May seem overengineered, but was super easy to implement given our current setup. You can see from the code here that adding the caching for our CDN was as simple as adding an additional header with the TTL. Using the local cache in reddit applications is as simple as checking for the value. And finally we get from redis if none of that worked. We were also writing to cassandra in case of major failure, so we could manually load the board back into redis if need be. Again, all of this took very little actual code but paid off greatly in terms of how it reduced load to the system.

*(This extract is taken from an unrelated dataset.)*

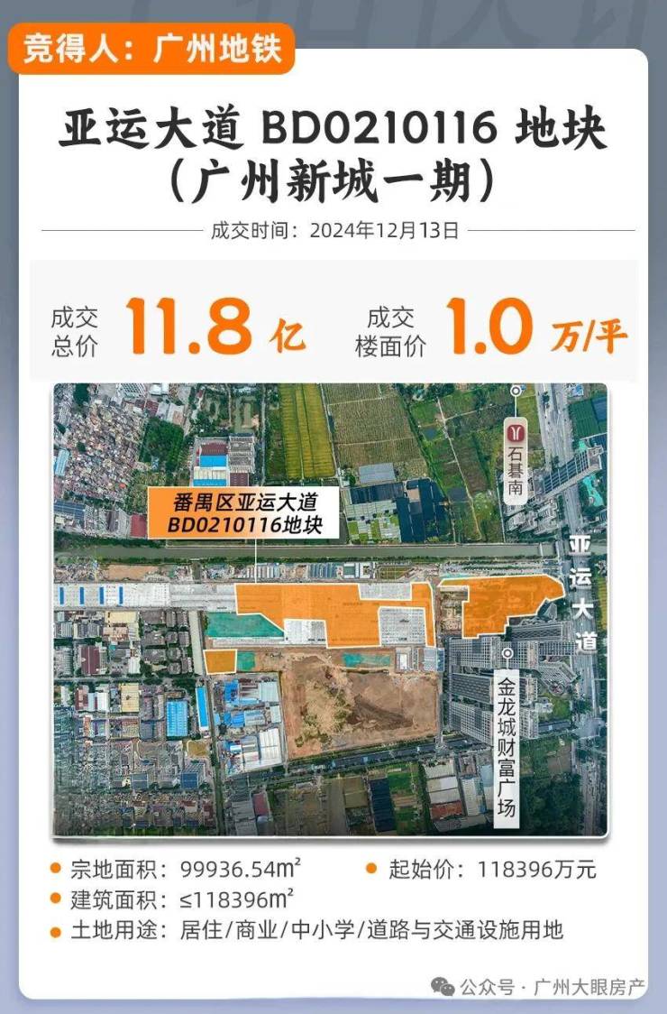 去年12月,广州新城停车场一期地块(亚运大道BD0210116地块)被广州地铁地产以底价118396万元拿下,楼面价约为1万/平(未扣除配建)。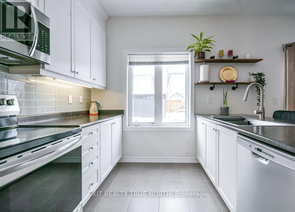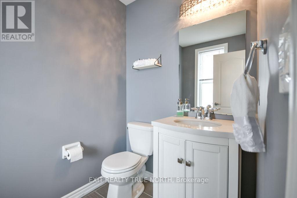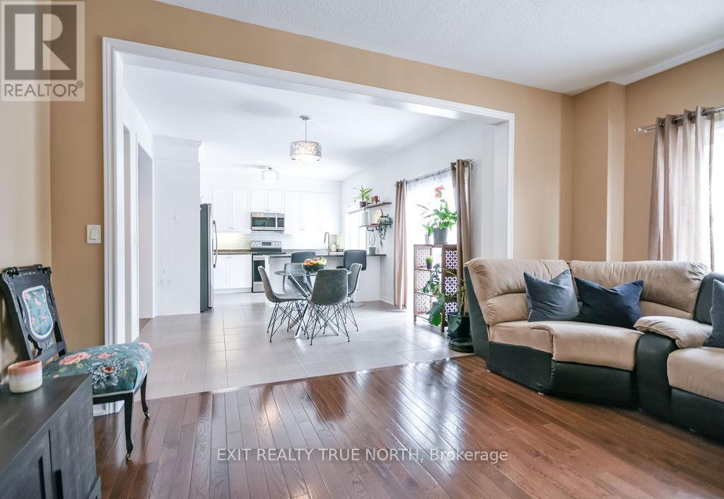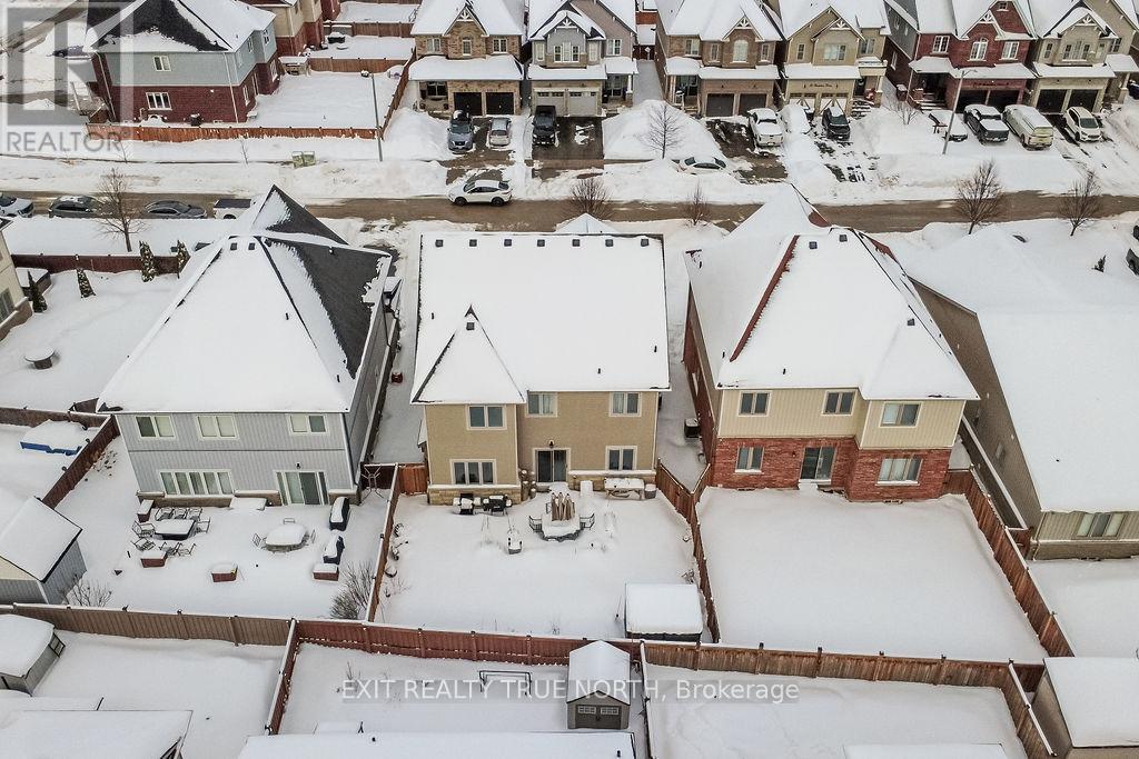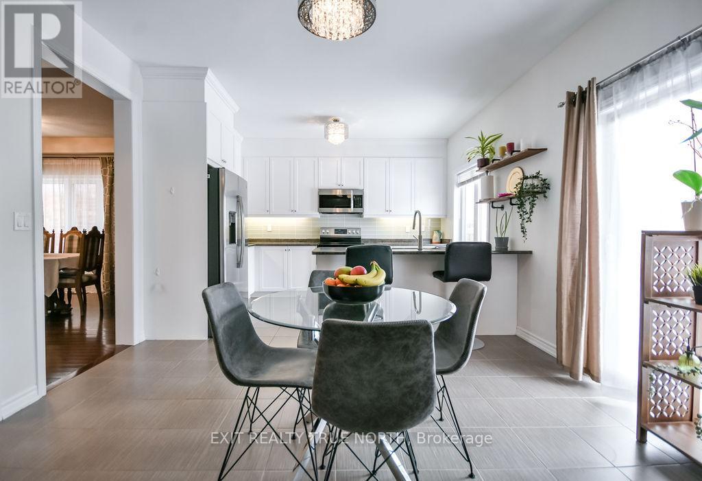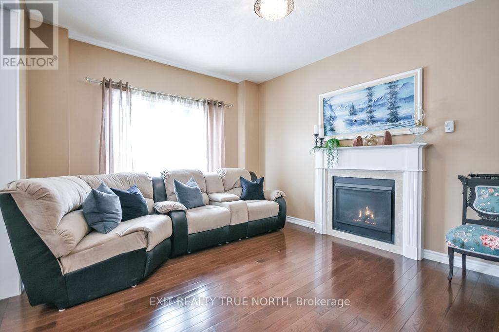 Experience comfort and style in this beautifully appointed home in the sought-after 5th Line community, offering over 2,300 square feet of thoughtfully designed living space. The bright, open concept layout features 9' ceilings, hardwood floors, ceramic tile, and a cozy gas fireplace that creates the perfect backdrop for everyday living and entertaining. The eat-in kitchen is filled with natural light and offers stainless steel appliances with plenty of room to gather. Upstairs, the large primary bedroom is a peaceful retreat with a walk-in closet and a private 4-piece ensuite, complemented by well-sized additional bedrooms. The lower level is unfinished and ready for your vision, complete with a bathroom rough-in, ideal for creating future living space. Outside, relax and entertain on your patio, enjoy the convenience of a shed, and fire up the BBQ with a ready-to-use gas line-perfect for summer gatherings or quiet evenings at home. Located close to everyday amenities, Barrie, Alliston, and Hwy 400, and just a short stroll to a nearby conservation area with scenic trails, this home offers an easy lifestyle in a great location. (id:64974)

But place kind of ended up being a load test for rabbit and this workload, so there ya go.
Also, kind of as a joke, I created a script that would blast out only websockets updates during our employee testing period and would just spell out my name in huge letters on the canvas. This turned out to be a mini load test for the frontend, because we realized that couple hundred pixels coming in would actually take a while to render and would come in in a huge burst! This led to one of our frontend people fixing the problem. So again, load test everything!
[Mention shielding here vs just one per POP.]
And finally the last takeaway.
You’re gonna miss some stuff, in this case, rabbitMQ. Some unexpected stuff will arise.
You also are gonna end up doing work that you don’t even end up using. I’m assuming there’s some people in software here, so you probably know this. A lot of the features and stuff we write only gets barely used, and then some other stuff gets used a lot more than we expected. We added a timestamp we didn’t use. We had layers of caching we could fall back on we didn’t use. We had a backup PR for batching websockets messages we didn’t use.
We also did a lot right, but we don’t really know what would have happened if we hadn’t done those things. But because they didn’t fail catastrophically, you never hear about it. So maybe if we hadn’t cached it would have overloaded our database and caused writes to take forever and block and clients to back up and… we never saw it. Which is sometimes the unfortunate part about this job -- if you do everything right, people think it was just easy.